Tuesday, 03 August 2010
via Khmer NZ
Photo: Heng Reaksmey
Hisham Moussa, (left), and Chum Sirath, (right), on 'Hello VOA'.
Hisham Moussa, (left), and Chum Sirath, (right), on 'Hello VOA'.
“I have seen that the feelings of victims want Duch to serve from now to life, as he might have freedom afterwards.”
The 19-year commuted sentence for convicted Khmer Rouge prison chief Duch is unlikely to provide a sense of justice to many people who lost family to his notorious torture center, a survivor and UN-backed tribunal monitor said Monday.
A tribunal conviction could have provided three steps toward reconciliation for victims, said Chum Sarath, a lawyer for civil parties who complained as part of the Khmer Rouge tribunal process.

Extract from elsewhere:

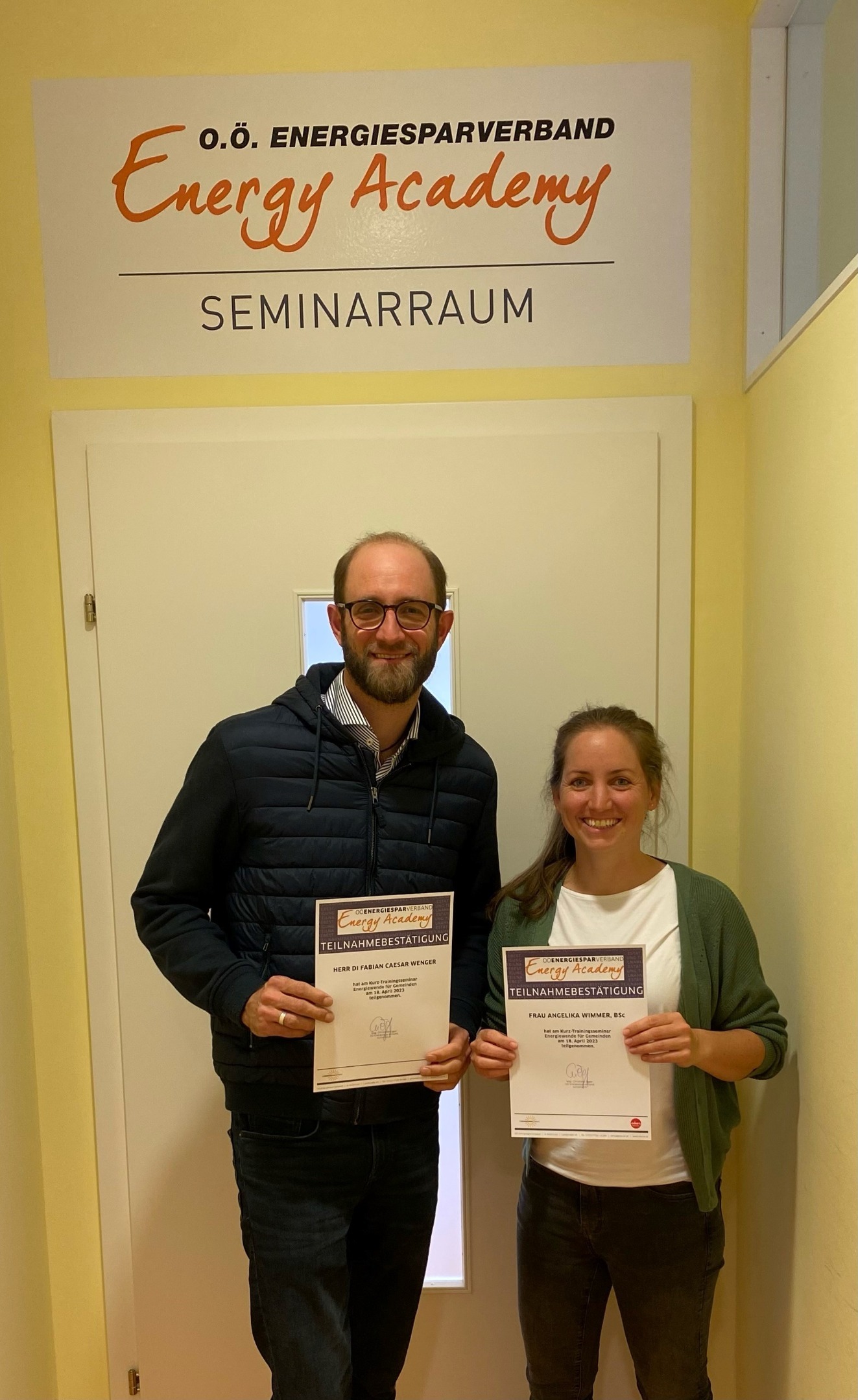 Die Klima- und Energiemodell-Regionen "Klimazukunft Mattigtal" und "Klimazukunft Oberinnviertel", vertreten durch Herrn DI Wenger, M.Sc. und Frau Wimmer, B.Sc., nahmen am Trainingsseminar "Energiewende für Gemeinden" teil und konnten dabei wichtige Erkenntnisse über die Arbeit des OÖ Energiesparverbandes gewinnen. Ein essentieler Bestandteil des Seminars beschäftigte sich damit mittels welcher Strategien und Maßnahmen die Energiewende in die Gemeinden bzw. KEM-Regionen getragen werden kann. Insbesondere wurden die damit verbundenen Bundes- und Landesförderungen erläutert und Wege gezeichnet, um Energieeffizienz-Steigerungen zu erzielen und den Anteil erneuerbarer Energien für öffentliche Gebäude und Anlagen zu erhöhen.

First, justice must be acceptable to the victims, he said. Second, their satisfaction should lead to an alleviation of sadness. Finally, a sense of healing would bring reconciliation.
“There was not even the application of the first step among three, so it's impossible to have healing and reconciliation,” he said, as a guest on “Hello VOA.”
Hisham Moussa, a tribunal monitor for the group Cooperation France-Cambodia, who also joined “Hello VOA” Monday, agreed.
“I have seen that the feelings of victims want Duch to serve from now to life, as he might have freedom afterwards,” he said.
Duch, whose real name is Kaing Kek Iev, faces the prospect of release at the age of 86. Cambodian law does not provide for the death penalty, and judges commuted an original 35-year sentence to 19, citing leniency and time served.
The sentencing had created a mistrust in the international court on the scale of mistrust for the national court, he said.